▼
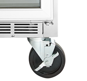 After a long day of loading and unloading, easily clean around the unit by moving the refrigerator aside on its 6" casters. When the unit is in use, lock the two caster brakes for safe, stationary use.
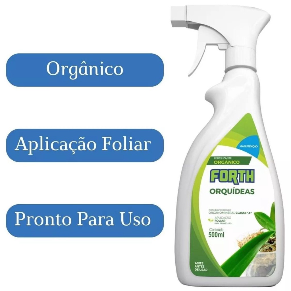 Fertilizante Adubo Orgânico Forth Orquídeas Manutenção 500ml Esse adubo é para aquela sua orquídea que está só com folhas ou então acabou o período de floração. Vai deixar as folhas bem nutridas e a planta pronta para soltar a próxima florada. Porque usar Forth Orquídeas Manutenção: 1. Prático e de fácil aplicação. 2. Contém todos os nutrientes necessários para a fase de manutenção. 3. Aumenta o desenvolvimento das raízes. 4. Fortalecimento da orquídea na pré-florada. 5. Cores mais vivas para flores e folhas. 6. Não é tóxico. Utilização: Via Foliar. Dosagem: Pronto para uso. Frequência de uso: Semanal. Modo de aplicação: Pulverizar as folhas no momento mais fresco do dia. Informações de pronto uso: Natureza física: Solução. Categoria: Fertilizante orgânico organomineral classe "A". Validade: 2 anos da data de fabricação do produto. Registro Estabelecimento Mapa: (EP) SP-003204-2. Registro Produto Mapa: SP - 003204-2.000023.
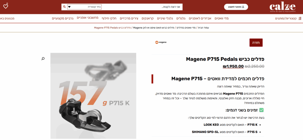לרוכבים בישראל שמעוניינים ב-Magene P715, היבואן הרשמי הוא Calze. המחיר, נכון להיום כפי שמפורסם באתר, עומד על ₪1,950.
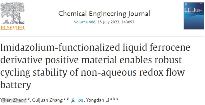 相关工作以“Imidazolium-functionalized liquid ferrocene derivative positive material enables robust cycling stability of non-aqueous redox flow battery”为题发表在Chemical Engineering Journal上。
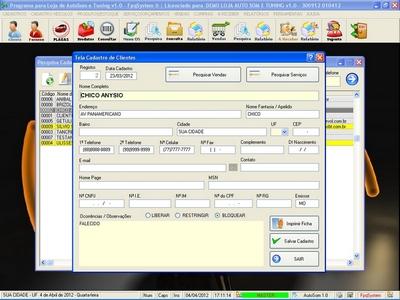 Cadastro de Clientes / Fornecedores / Atendente / Cadastro de Placas /
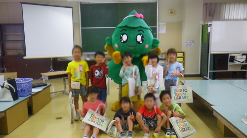 すぎぴょんから図書館バッグを受け取りみんなうれしそうです。
▲
» **WHAT YOU ARE ASKED TO DO**
Your response must consist of the material above, reproduced word for word, with the images omitted.

» **EXERCISE RESPONSE**
 After a long day of loading and unloading, easily clean around the unit by moving the refrigerator aside on its 6" casters. When the unit is in use, lock the two caster brakes for safe, stationary use.
 Fertilizante Adubo Orgânico Forth Orquídeas Manutenção 500ml Esse adubo é para aquela sua orquídea que está só com folhas ou então acabou o período de floração. Vai deixar as folhas bem nutridas e a planta pronta para soltar a próxima florada. Porque usar Forth Orquídeas Manutenção: 1. Prático e de fácil aplicação. 2. Contém todos os nutrientes necessários para a fase de manutenção. 3. Aumenta o desenvolvimento das raízes. 4. Fortalecimento da orquídea na pré-florada. 5. Cores mais vivas para flores e folhas. 6. Não é tóxico. Utilização: Via Foliar. Dosagem: Pronto para uso. Frequência de uso: Semanal. Modo de aplicação: Pulverizar as folhas no momento mais fresco do dia. Informações de pronto uso: Natureza física: Solução. Categoria: Fertilizante orgânico organomineral classe "A". Validade: 2 anos da data de fabricação do produto. Registro Estabelecimento Mapa: (EP) SP-003204-2. Registro Produto Mapa: SP - 003204-2.000023.
לרוכבים בישראל שמעוניינים ב-Magene P715, היבואן הרשמי הוא Calze. המחיר, נכון להיום כפי שמפורסם באתר, עומד על ₪1,950.
 相关工作以“Imidazolium-functionalized liquid ferrocene derivative positive material enables robust cycling stability of non-aqueous redox flow battery”为题发表在Chemical Engineering Journal上。
 Cadastro de Clientes / Fornecedores / Atendente / Cadastro de Placas /
 すぎぴょんから図書館バッグを受け取りみんなうれしそうです。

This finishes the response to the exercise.